Automation Suite

2023.10

true

Automation Suite on Linux Installation Guide

Last updated Jul 24, 2024

Kubernetes resources alerts

k8s.rules, kube-apiserver-availability.rules, kube-apiserver-slos

KubeAPIErrorBudgetBurn

The Kubernetes API server is burning too much error budget.

kube-state-metrics

KubeStateMetricsListErrors, KubeStateMetricsWatchErrors

The Kube State Metrics collector is not able to collect metrics from the cluster without errors. This means important alerts may not fire. Contact UiPath® Support.

KubernetesMemoryPressure

This alert indicates that memory usage is very high on the Kubernetes node.

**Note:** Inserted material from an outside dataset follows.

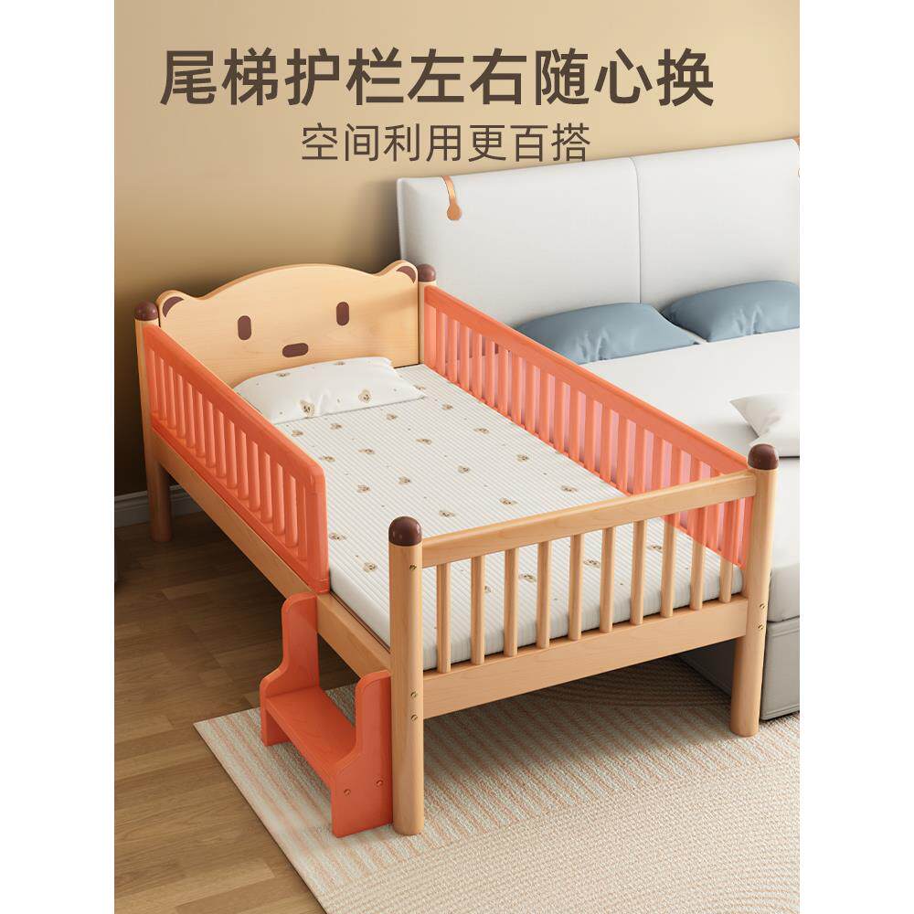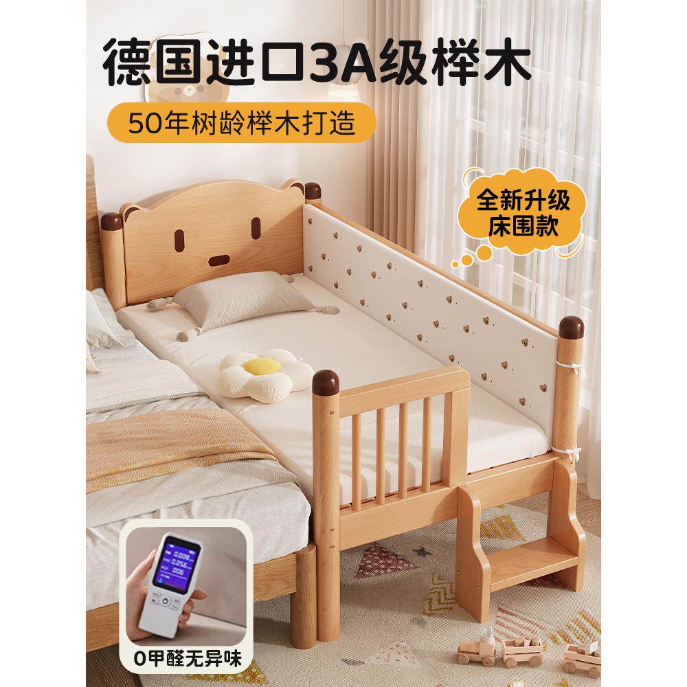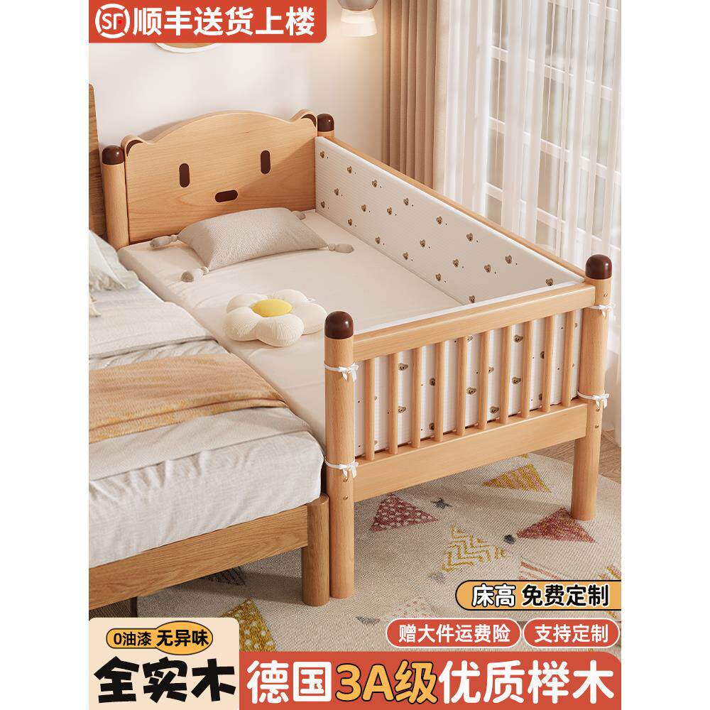 实木儿童床拼接床加宽床边榉木拼接大床带护栏单人小床宝宝婴儿床

If this alert fires, try to see which pod is consuming more memory.

kubernetes-apps

KubePodCrashLooping

A pod that keeps restarting unexpectedly. This can happen due to an out-of-memory (OOM) error, in which case the limits can be adjusted. Check the pod events with kubectl describe, and logs with kubectl logs to see details on possible crashes. If the issue persists, contact UiPath® Support.

KubePodNotReady

A pod has started, but it is not responding to the health probe with success. This may mean that it is stuck and is not able to serve traffic. You can check pod logs with kubectl logs to see if there is any indication of progress. If the issue persists, contact UiPath® Support.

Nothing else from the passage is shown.